↓↓↓
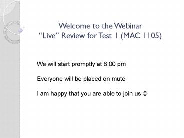 <Notice: Removed> Welcome to the Webinar PowerPoint PPT Presentation
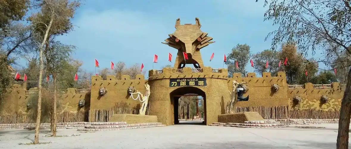 刀郎部落,位于新疆維吾爾自治區(qū)阿克蘇地區(qū)阿瓦提縣玉滿閘口胡楊林區(qū),距阿克蘇市58公里、縣城18公里,占地面積8300畝。景區(qū)以5000余畝千年原始胡楊林為生態(tài)背景,完整呈現(xiàn)刀郎人建筑、飲食及民俗文化,集中展示刀郎木卡姆、刀郎麥西熱甫等8項國家級和自治區(qū)級非物質文化遺產(chǎn),其中“刀郎演唱組合”保持著最大年齡民間歌舞組合的大世界基尼斯紀錄。核心功能區(qū)包含民俗展館、千年胡楊區(qū)、鴕鳥養(yǎng)殖園區(qū)等七大板塊,復原刀郎人傳統(tǒng)居所與勞作工具,設有傳統(tǒng)手工藝作坊和勇士競技場,每日開展刀郎麥西熱甫展演、民俗婚禮體驗及摔跤、叼羊等傳統(tǒng)體育活動。2025年入選非遺進景區(qū)“五好”案例名單,通過非遺傳承人駐場表演、慕薩萊思釀造工藝展示及沙雕主題公園等特色項目,形成生態(tài)觀光與民俗體驗深度融合的旅游模式。景區(qū)內(nèi)保留狩獵場景、農(nóng)民畫長廊及高空輪轉秋千表演,配套沉浸式互動體驗和文創(chuàng)開發(fā)體系,實現(xiàn)刀郎文化的活態(tài)傳承。
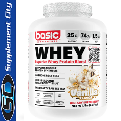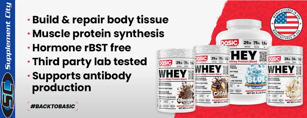 Reach your fitness goals with Basic Supplements Whey Protein Blend, ideal for post-workout recovery. It gives your body the essential nutrients it needs to build muscle, recover quickly, and stay healthy. Our blend is packed with high-quality protein and is easy to digest, making it perfect for anyone who wants to get back to basics with a no-B.S. approach!
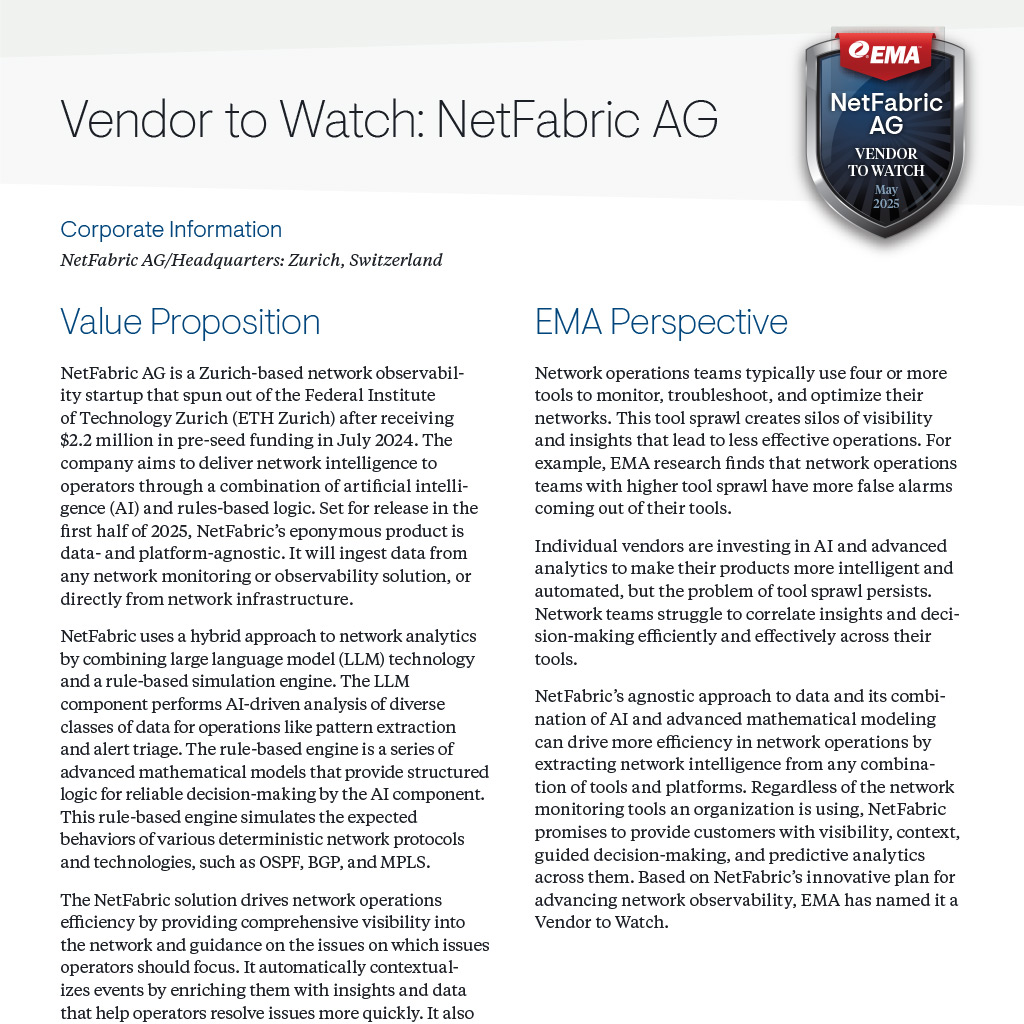 This document contains the 2025 EMA Vendors to Watch in the network infrastructure and operations field, including NetFabric.
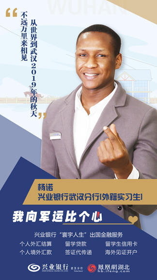10月17日,兴业银行武汉分行聘请五所知名外校大咖成为“寰宇留学智囊团”专家成员,并且现场颁发专家证书。从今年开始,兴业银行武汉分行分批次招募武汉高校外籍留学生来该行实习交流,助力对外窗口服务水平的提升,同时为出国金融客户分享境外留学工作生活方面的经验技巧。活动现场,两位国际留学生收获“寰宇留学智囊团”向导证书。
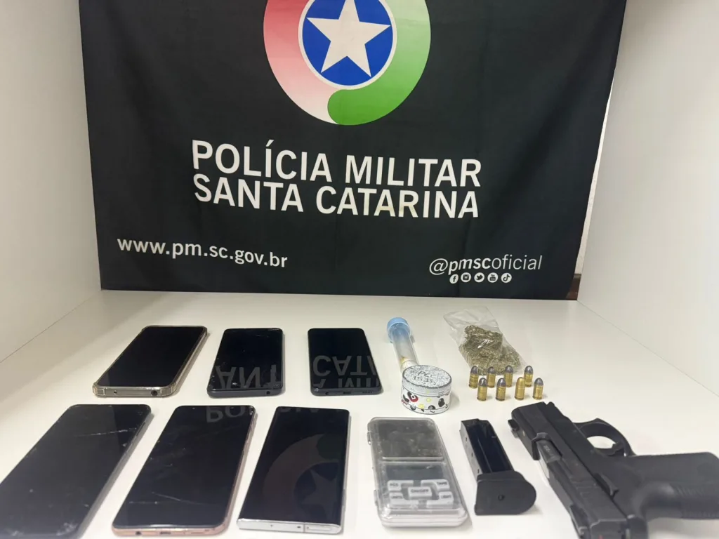 Uma operação conjunta das polícias Militar e Civil resultou na apreensão de uma arma de fogo e seis celulares em uma residência de Seara, no Oeste catarinense. O imóvel estava sendo monitorado por suspeita de envolvimento com o tráfico de drogas. Dois homens foram encontrados no local e confessaram fazer parte de uma organização criminosa.
↑↑↑
> **INSTRUCTIONS FOR THE TASK**
The copy should match the records above exactly, except that pictures are dropped.

> **RESULT FOR THIS EXERCISE**
 <Notice: Removed> Welcome to the Webinar PowerPoint PPT Presentation
 刀郎部落,位于新疆維吾爾自治區(qū)阿克蘇地區(qū)阿瓦提縣玉滿閘口胡楊林區(qū),距阿克蘇市58公里、縣城18公里,占地面積8300畝。景區(qū)以5000余畝千年原始胡楊林為生態(tài)背景,完整呈現(xiàn)刀郎人建筑、飲食及民俗文化,集中展示刀郎木卡姆、刀郎麥西熱甫等8項國家級和自治區(qū)級非物質文化遺產(chǎn),其中“刀郎演唱組合”保持著最大年齡民間歌舞組合的大世界基尼斯紀錄。核心功能區(qū)包含民俗展館、千年胡楊區(qū)、鴕鳥養(yǎng)殖園區(qū)等七大板塊,復原刀郎人傳統(tǒng)居所與勞作工具,設有傳統(tǒng)手工藝作坊和勇士競技場,每日開展刀郎麥西熱甫展演、民俗婚禮體驗及摔跤、叼羊等傳統(tǒng)體育活動。2025年入選非遺進景區(qū)“五好”案例名單,通過非遺傳承人駐場表演、慕薩萊思釀造工藝展示及沙雕主題公園等特色項目,形成生態(tài)觀光與民俗體驗深度融合的旅游模式。景區(qū)內(nèi)保留狩獵場景、農(nóng)民畫長廊及高空輪轉秋千表演,配套沉浸式互動體驗和文創(chuàng)開發(fā)體系,實現(xiàn)刀郎文化的活態(tài)傳承。
 Reach your fitness goals with Basic Supplements Whey Protein Blend, ideal for post-workout recovery. It gives your body the essential nutrients it needs to build muscle, recover quickly, and stay healthy. Our blend is packed with high-quality protein and is easy to digest, making it perfect for anyone who wants to get back to basics with a no-B.S. approach!
 This document contains the 2025 EMA Vendors to Watch in the network infrastructure and operations field, including NetFabric.
10月17日,兴业银行武汉分行聘请五所知名外校大咖成为“寰宇留学智囊团”专家成员,并且现场颁发专家证书。从今年开始,兴业银行武汉分行分批次招募武汉高校外籍留学生来该行实习交流,助力对外窗口服务水平的提升,同时为出国金融客户分享境外留学工作生活方面的经验技巧。活动现场,两位国际留学生收获“寰宇留学智囊团”向导证书。
 Uma operação conjunta das polícias Militar e Civil resultou na apreensão de uma arma de fogo e seis celulares em uma residência de Seara, no Oeste catarinense. O imóvel estava sendo monitorado por suspeita de envolvimento com o tráfico de drogas. Dois homens foram encontrados no local e confessaram fazer parte de uma organização criminosa.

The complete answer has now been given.